Recorded data:
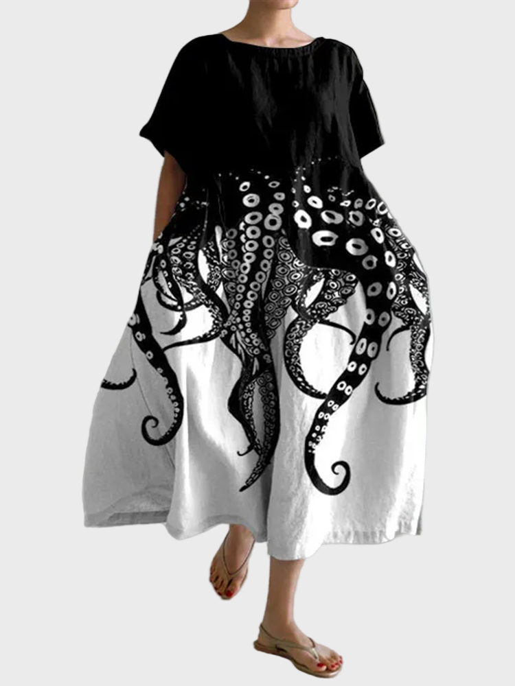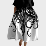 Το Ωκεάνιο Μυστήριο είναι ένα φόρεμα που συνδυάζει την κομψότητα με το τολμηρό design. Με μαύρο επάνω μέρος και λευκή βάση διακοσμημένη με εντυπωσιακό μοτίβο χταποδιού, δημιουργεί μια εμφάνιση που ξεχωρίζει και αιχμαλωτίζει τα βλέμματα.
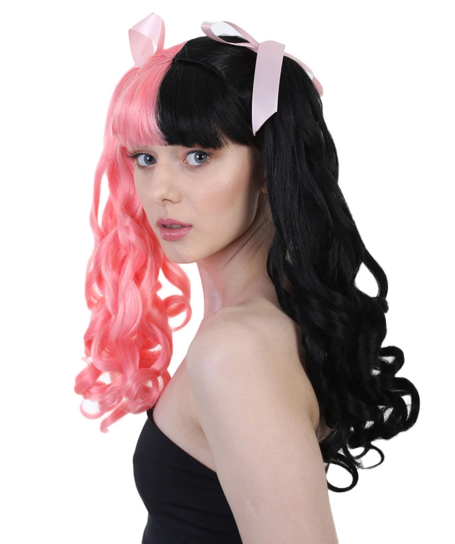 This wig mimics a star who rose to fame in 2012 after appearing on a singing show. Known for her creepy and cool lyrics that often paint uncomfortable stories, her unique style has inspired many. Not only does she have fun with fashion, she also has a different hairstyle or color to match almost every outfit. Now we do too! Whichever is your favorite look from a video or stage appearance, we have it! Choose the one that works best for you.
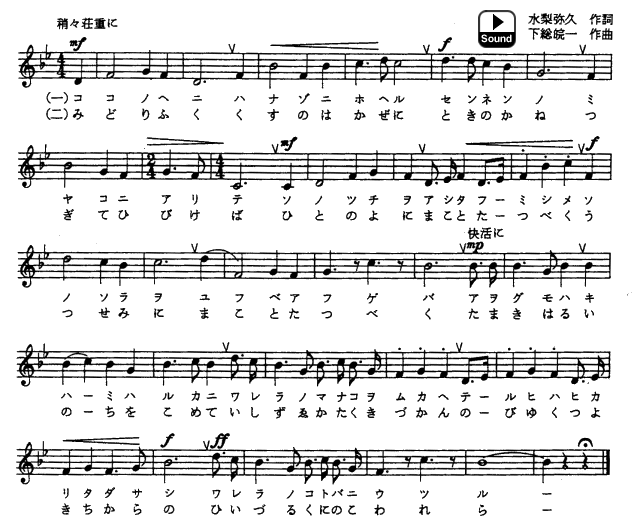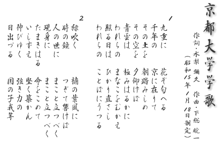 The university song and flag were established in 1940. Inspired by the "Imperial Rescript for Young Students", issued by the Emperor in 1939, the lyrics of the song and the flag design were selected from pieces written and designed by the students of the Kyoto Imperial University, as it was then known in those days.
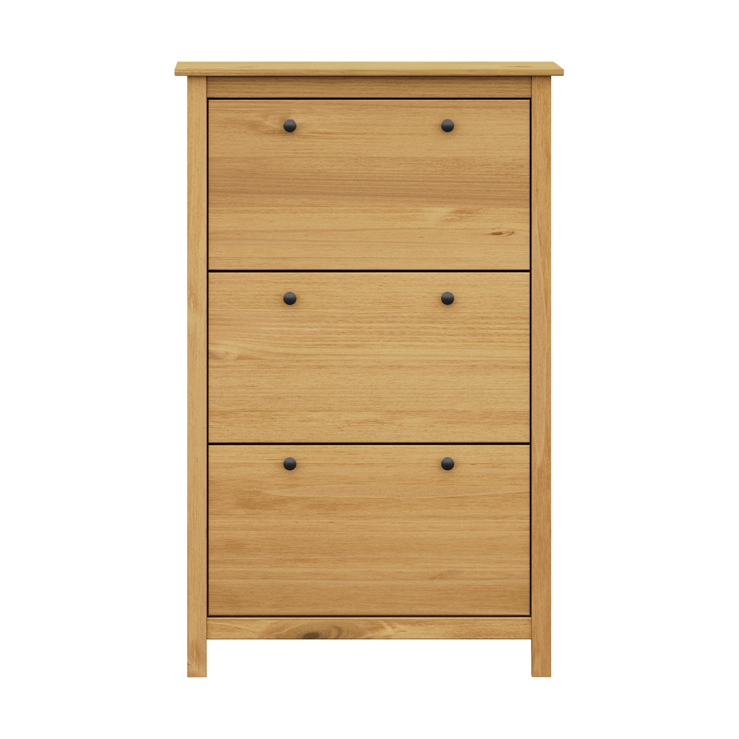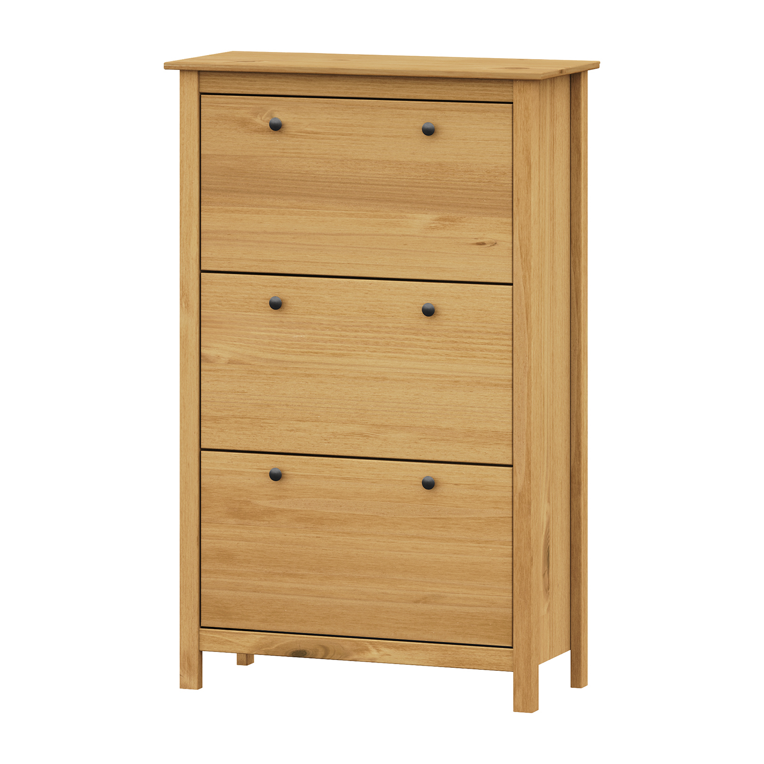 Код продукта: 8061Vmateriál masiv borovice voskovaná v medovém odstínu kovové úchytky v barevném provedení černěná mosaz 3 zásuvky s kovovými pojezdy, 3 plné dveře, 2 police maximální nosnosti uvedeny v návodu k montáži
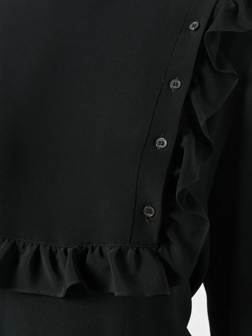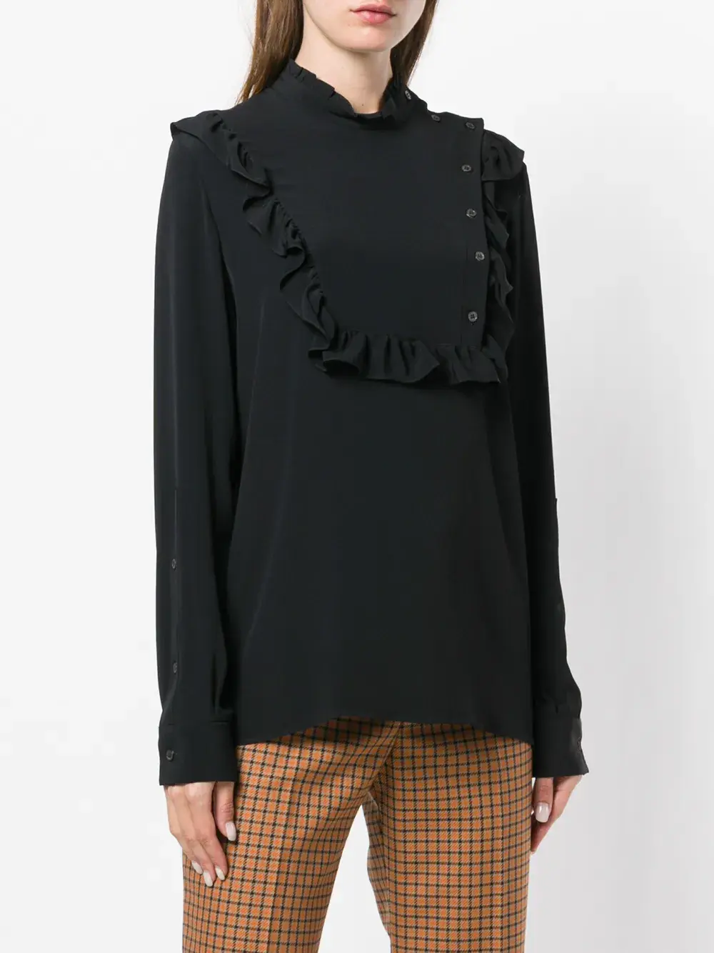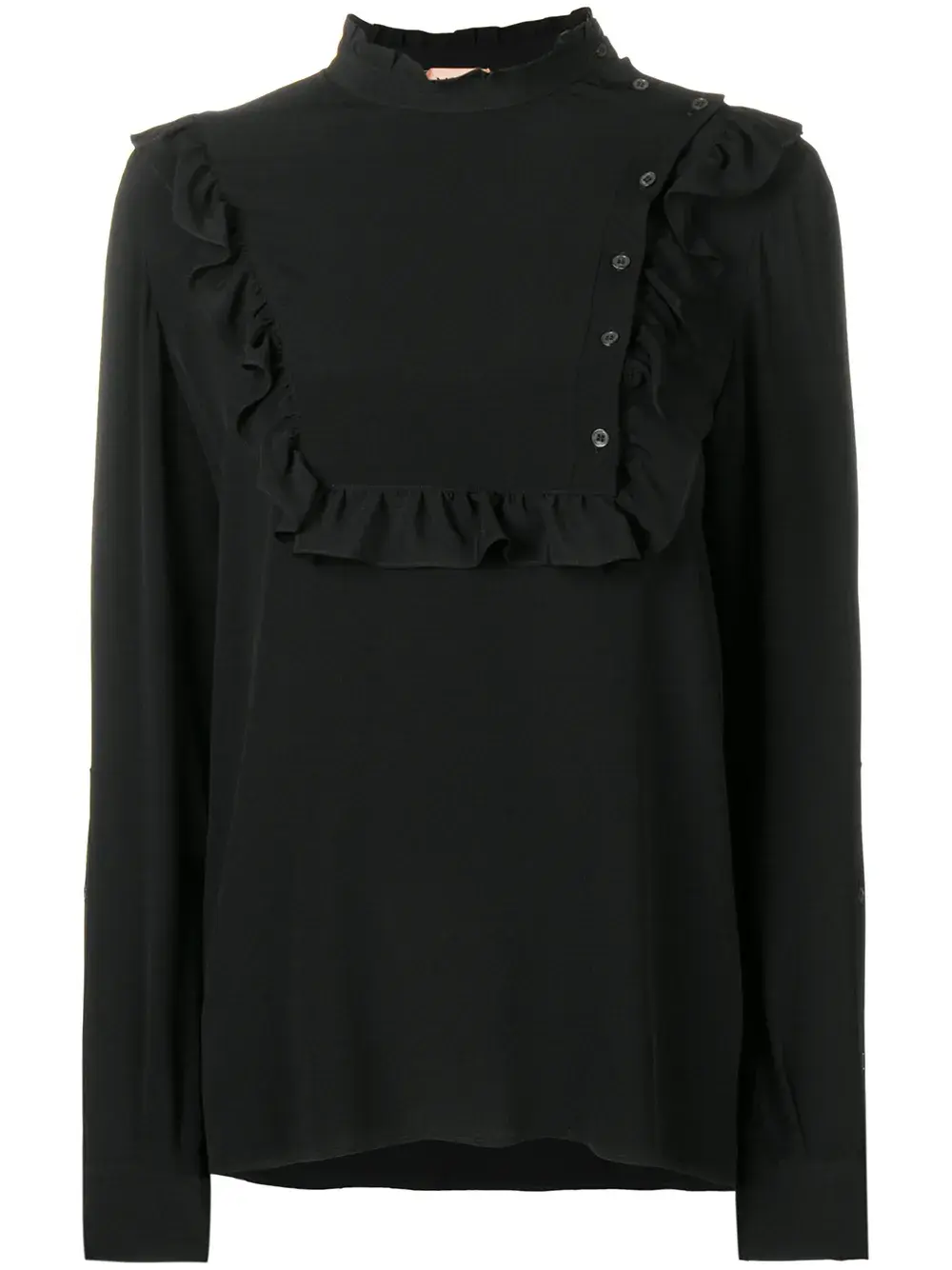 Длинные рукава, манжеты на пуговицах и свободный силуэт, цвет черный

Directions for this task:
Each line of the records above must be repeated exactly, but no picture belongs in the copy.

Expected answer:
 Το Ωκεάνιο Μυστήριο είναι ένα φόρεμα που συνδυάζει την κομψότητα με το τολμηρό design. Με μαύρο επάνω μέρος και λευκή βάση διακοσμημένη με εντυπωσιακό μοτίβο χταποδιού, δημιουργεί μια εμφάνιση που ξεχωρίζει και αιχμαλωτίζει τα βλέμματα.
 This wig mimics a star who rose to fame in 2012 after appearing on a singing show. Known for her creepy and cool lyrics that often paint uncomfortable stories, her unique style has inspired many. Not only does she have fun with fashion, she also has a different hairstyle or color to match almost every outfit. Now we do too! Whichever is your favorite look from a video or stage appearance, we have it! Choose the one that works best for you.
 The university song and flag were established in 1940. Inspired by the "Imperial Rescript for Young Students", issued by the Emperor in 1939, the lyrics of the song and the flag design were selected from pieces written and designed by the students of the Kyoto Imperial University, as it was then known in those days.
 Код продукта: 8061Vmateriál masiv borovice voskovaná v medovém odstínu kovové úchytky v barevném provedení černěná mosaz 3 zásuvky s kovovými pojezdy, 3 plné dveře, 2 police maximální nosnosti uvedeny v návodu k montáži
 Длинные рукава, манжеты на пуговицах и свободный силуэт, цвет черный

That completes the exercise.